Weight Watchers Diet Food Selection:

The WW diet is a commercial diet focused on weight loss and healthy eating habits. It uses a SmartPoints system, which assigns points to foods and beverages based on their nutritional content. Here are some general guidelines for food selection on the WW diet:

  • Fruits and Vegetables: The WW diet encourages the consumption of fruits and vegetables, and many of them are considered ZeroPoint foods, meaning they don't affect your daily SmartPoints budget. Examples include apples, berries, leafy greens, carrots, peppers, and more.
  • Lean Proteins: Lean proteins are also part of the WW diet, and some options include chicken breast, fish, beans, lentils, and tofu.
  • Whole Grains: Whole grains like whole-wheat bread, brown rice, quinoa, and oatmeal are recommended.
  • Dairy: Dairy products such as low-fat milk, Greek yogurt, and reduced-fat cheese are included in the WW diet.
  • Healthy Fats: Healthy fats like olive oil, nuts, seeds, and avocados are encouraged in moderation.
  • Processed Foods: The WW diet discourages the consumption of highly processed foods, sugary snacks, and sweets. However, they can be enjoyed occasionally in moderation.

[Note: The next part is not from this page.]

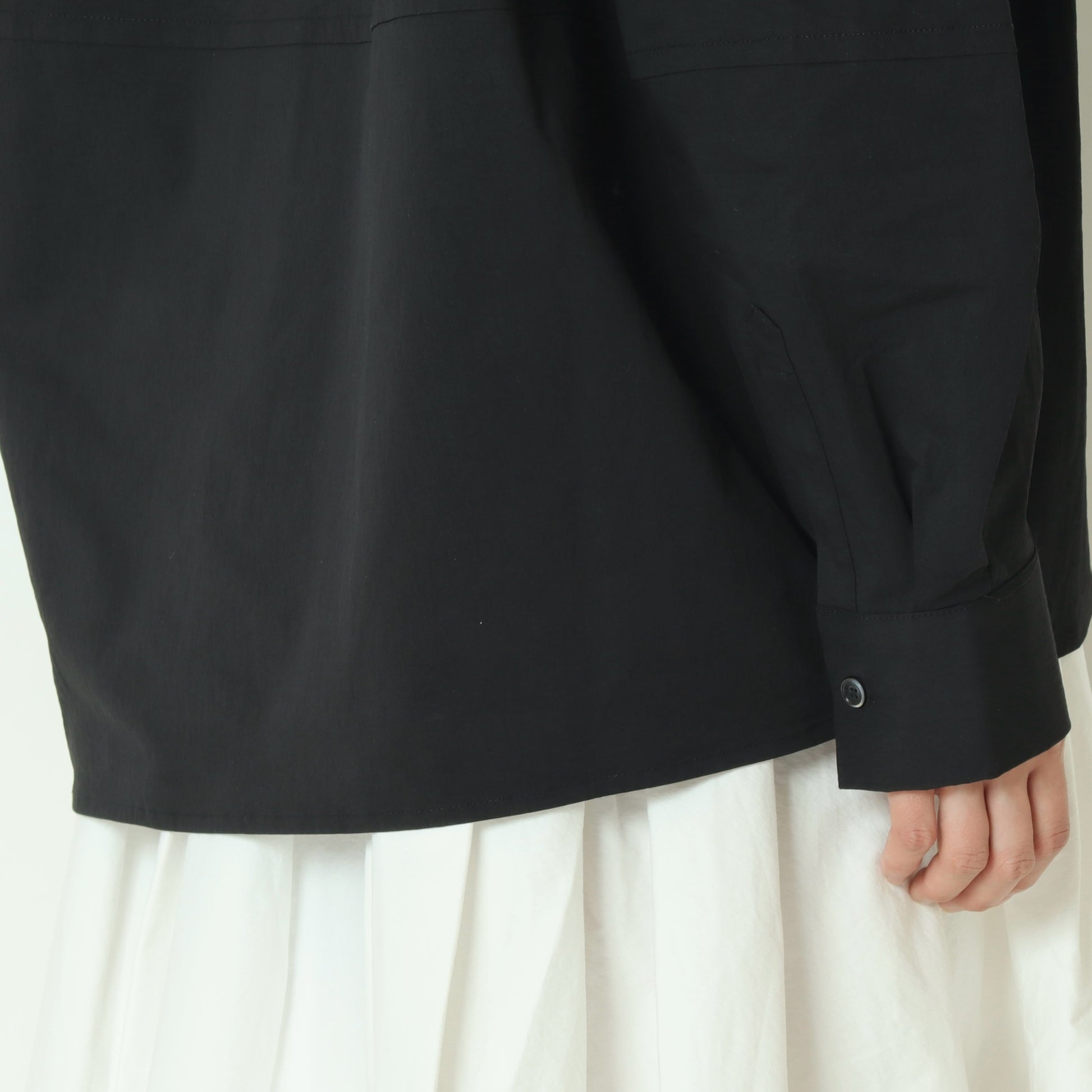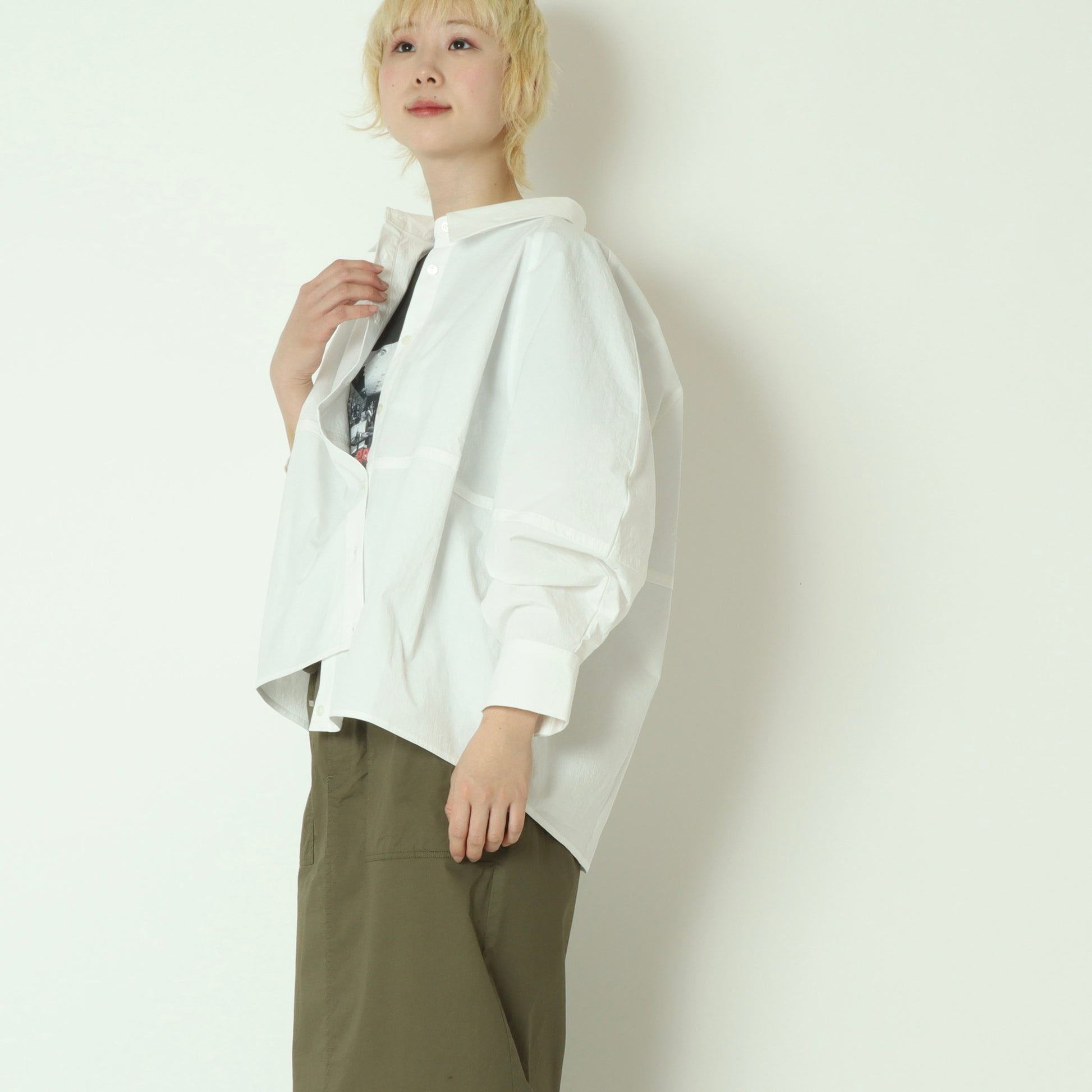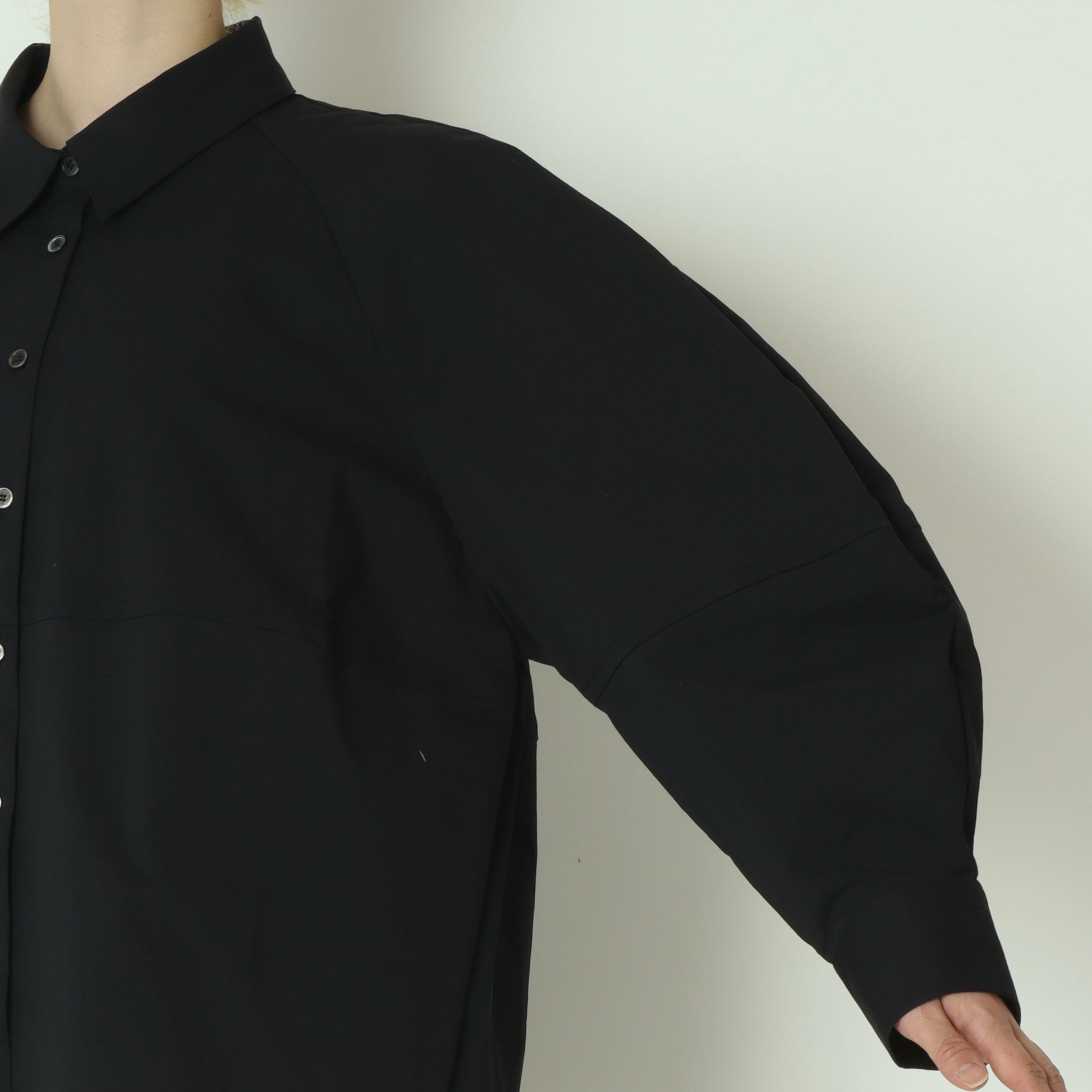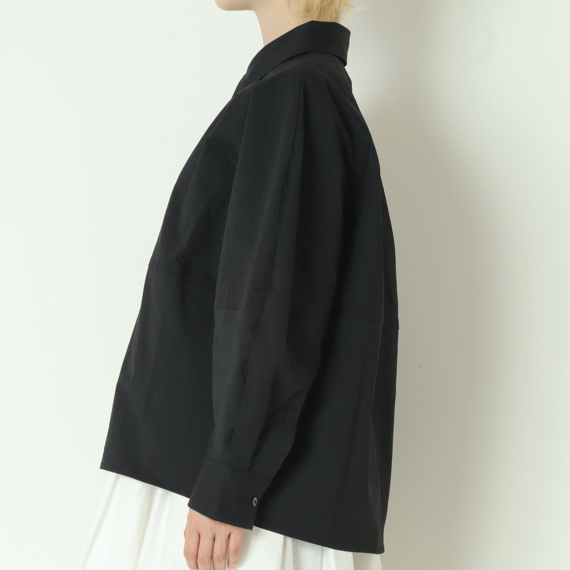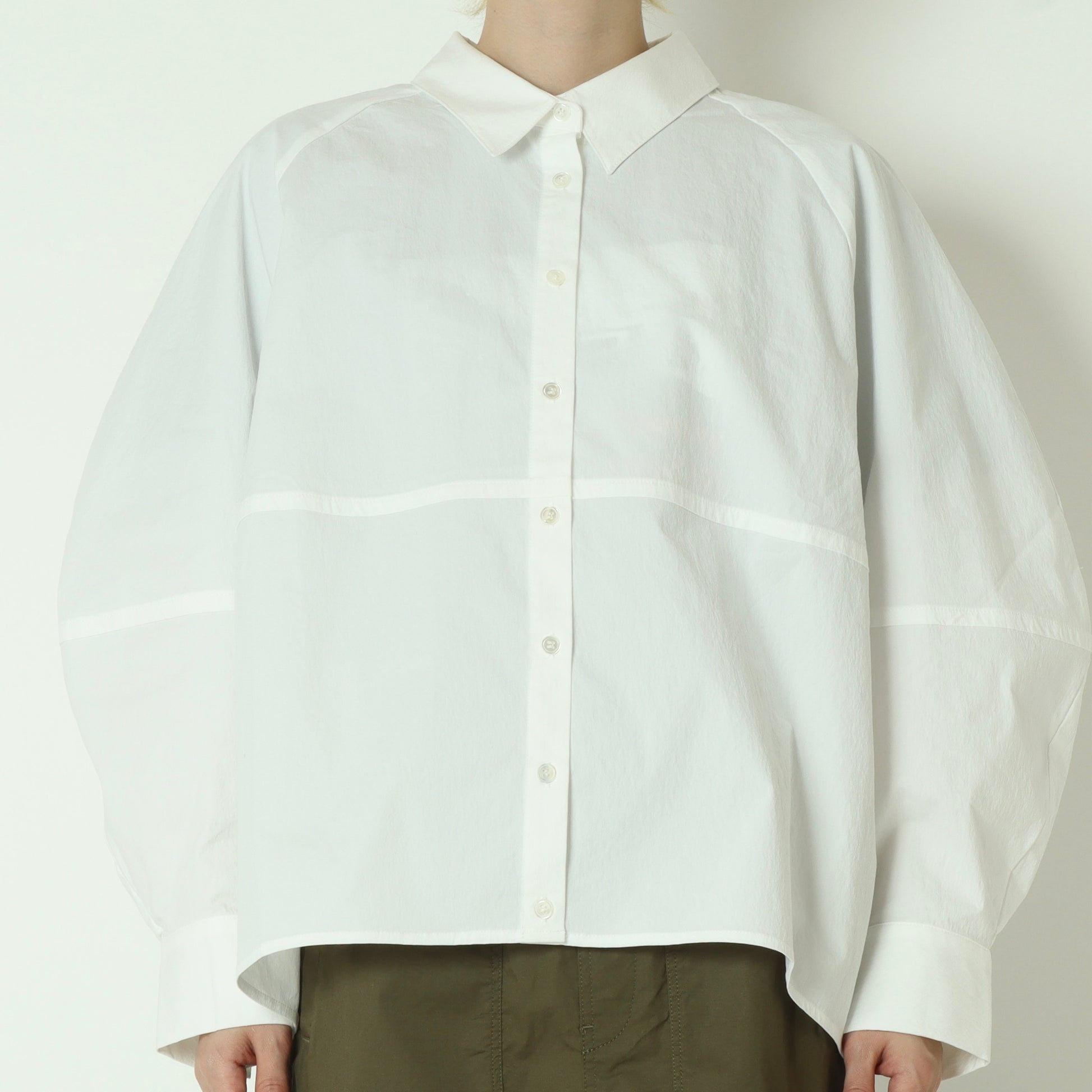 構築的なパターンで作るボリューム袖のオーバーサイズシャツ。

Remember, it is always recommended to consult with a healthcare professional or a registered dietitian before starting any new diet to ensure it aligns with your individual health needs and goals.

Frequently asked questions

The keto diet is a low-carb, high-fat diet that aims to get you into ketosis, a metabolic condition in which the body burns fat, rather than carbohydrates, as its primary source of fuel. Weight Watchers, on the other hand, is a commercial diet program thatsection is based on the concept of moderation and portion control and uses a points-based system to encourage healthier diet choices.

Some pros of the keto diet are that it helps people lose weight without calorie-counting and maximises fat-burning. It also reduces inflammation, lowers blood sugar and may reverse insulin resistance. However, the keto diet can be difficult to sustain over the long term due to its restrictive nature and it may be particularly challenging to maintain during holidays or while vacationing. There are also some potential long-term health concerns that scientists haven’t fully investigated yet, including the potential to increase cholesterol levels.

Some pros of Weight Watchers are that it is flexible, allowing all foods, and it is backed by research that shows it is effective for weight loss. Some cons are that it may be difficult to stick with over time due to factors such as the cost and hunger. According to a 2014 systematic review, weight lost with Weight Watchers is often partially regained over time.